▸ **TASK TO CARRY OUT**
After locating the line that contains "Este apartamento único", output that line and each one following it, exactly, to the end of the entries. No pictures.

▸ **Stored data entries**
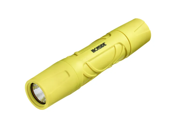 Kätevä, kompakti ja kestävä keltainen LED-polymeerilamppu hyvällä valolla. Toiminnot: Painonappi On/Off.
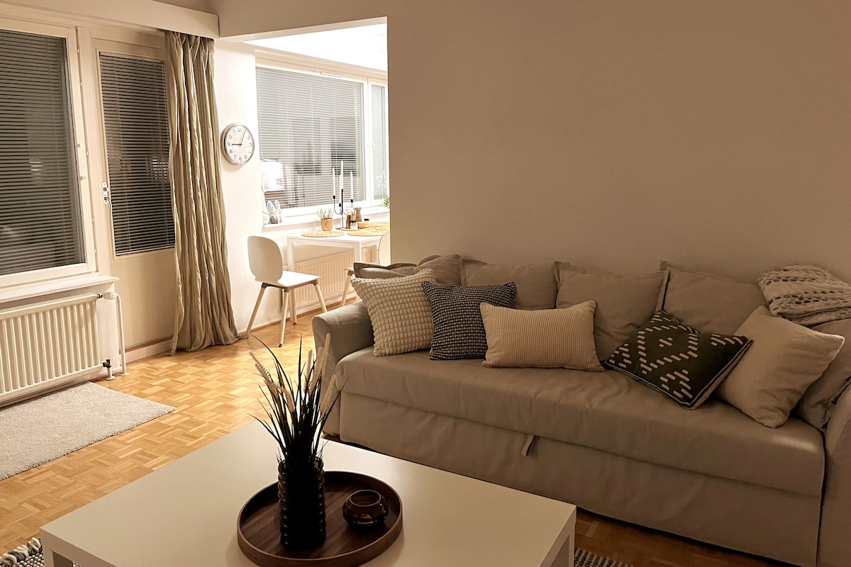 Este apartamento único se encuentra en un barrio tranquilo junto al río Kemi, a poca distancia (3 kilómetros) del centro de la ciudad y del círculo polar ártico (Pueblo de Santa). Tiene capacidad para cuatro adultos (máx.) o una pequeña familia y ofrece una vida cómoda y la posibilidad de explorar los lugares de interés y las actividades de Laponia (DIY). Aquí podrás relajarte y, si lo solicitas, te ayudará a organizar una estancia inolvidable en Laponia. Para empezar, puedes consultar la guía en mi perfil.
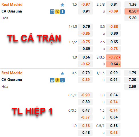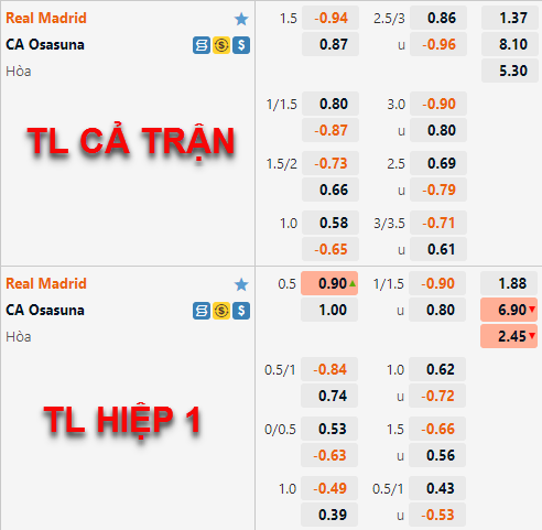 Tỷ lệ chấp chính của Real Madrid vẫn được nhà cái châu Á duy trì ở mức 1 1/2 ở thời điểm hiện tại, điểm ăn của cửa trên đã được điều chỉnh giảm so với trước đây nhưng không nhiều. Tỷ lệ tài xỉu của trận đâu cũng có những diễn biến xuôi chiều khi mốc 2 3/4 vẫn là mốc chính nhưng điểm ăn của cửa tài đã được điều chỉnh giảm.
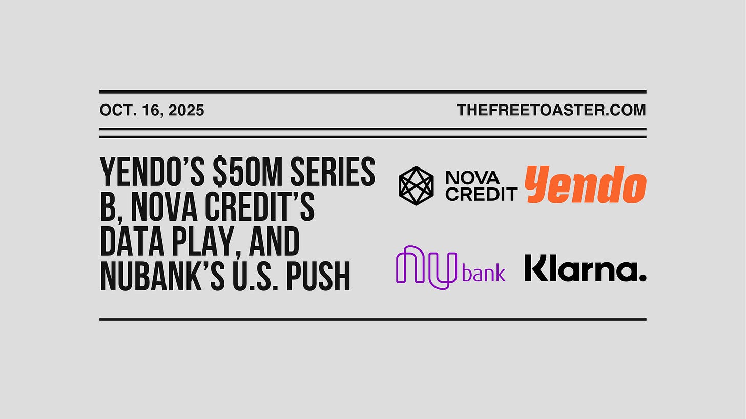 Yendo’s $50M Series B, Nova Credit’s Data Play, and Nubank’s U.S. Push
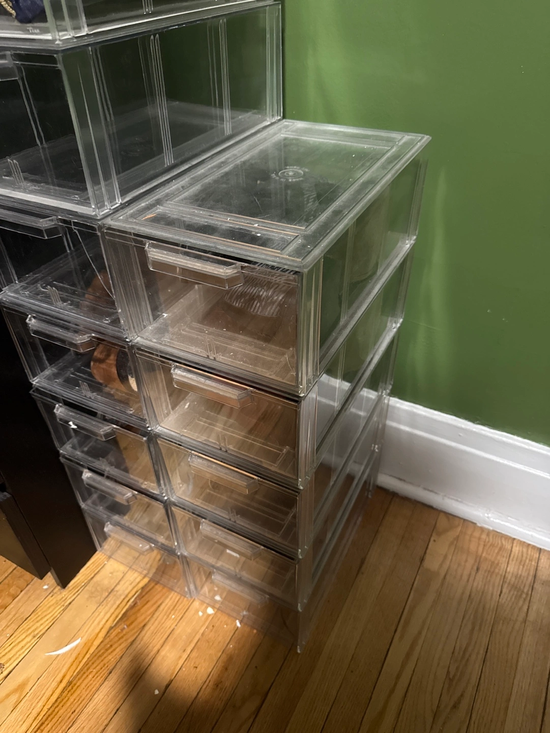 1755 clear plastic storage drawers with sliding drawers. Great for organizing small items, like shoes
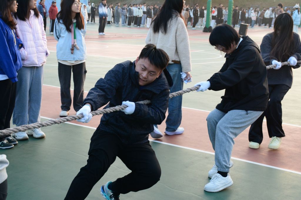 本次比赛吸引了2024级全体学生参与,比赛共有十五支队伍,同学们齐心协力,为自己的队伍全力以赴。随着比赛的开始各个队伍按照提前安排好的比赛顺序开始进行拔河比赛,同学们相互配合、共同发力,将合作精神展现得淋漓尽致。这种齐心协力的精神将团队凝聚成一股强大的力量,推动着他们向着胜利的目标不断前进。
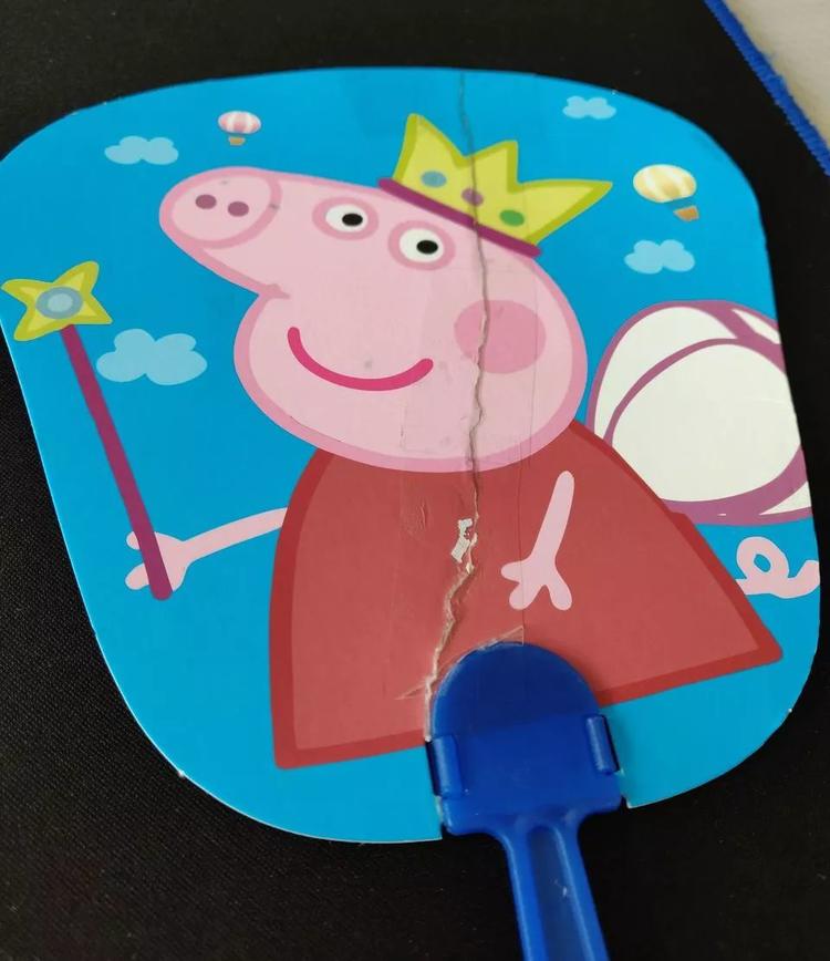 下图是女儿很喜欢的一个小猪佩奇的扇子,因为材质是卡纸,所以不小心被撕坏了——在没找到替代品前,想的是修补下。

▸ **EXPECTED ANSWER**
 Este apartamento único se encuentra en un barrio tranquilo junto al río Kemi, a poca distancia (3 kilómetros) del centro de la ciudad y del círculo polar ártico (Pueblo de Santa). Tiene capacidad para cuatro adultos (máx.) o una pequeña familia y ofrece una vida cómoda y la posibilidad de explorar los lugares de interés y las actividades de Laponia (DIY). Aquí podrás relajarte y, si lo solicitas, te ayudará a organizar una estancia inolvidable en Laponia. Para empezar, puedes consultar la guía en mi perfil.
 Tỷ lệ chấp chính của Real Madrid vẫn được nhà cái châu Á duy trì ở mức 1 1/2 ở thời điểm hiện tại, điểm ăn của cửa trên đã được điều chỉnh giảm so với trước đây nhưng không nhiều. Tỷ lệ tài xỉu của trận đâu cũng có những diễn biến xuôi chiều khi mốc 2 3/4 vẫn là mốc chính nhưng điểm ăn của cửa tài đã được điều chỉnh giảm.
 Yendo’s $50M Series B, Nova Credit’s Data Play, and Nubank’s U.S. Push
 1755 clear plastic storage drawers with sliding drawers. Great for organizing small items, like shoes
 本次比赛吸引了2024级全体学生参与,比赛共有十五支队伍,同学们齐心协力,为自己的队伍全力以赴。随着比赛的开始各个队伍按照提前安排好的比赛顺序开始进行拔河比赛,同学们相互配合、共同发力,将合作精神展现得淋漓尽致。这种齐心协力的精神将团队凝聚成一股强大的力量,推动着他们向着胜利的目标不断前进。
 下图是女儿很喜欢的一个小猪佩奇的扇子,因为材质是卡纸,所以不小心被撕坏了——在没找到替代品前,想的是修补下。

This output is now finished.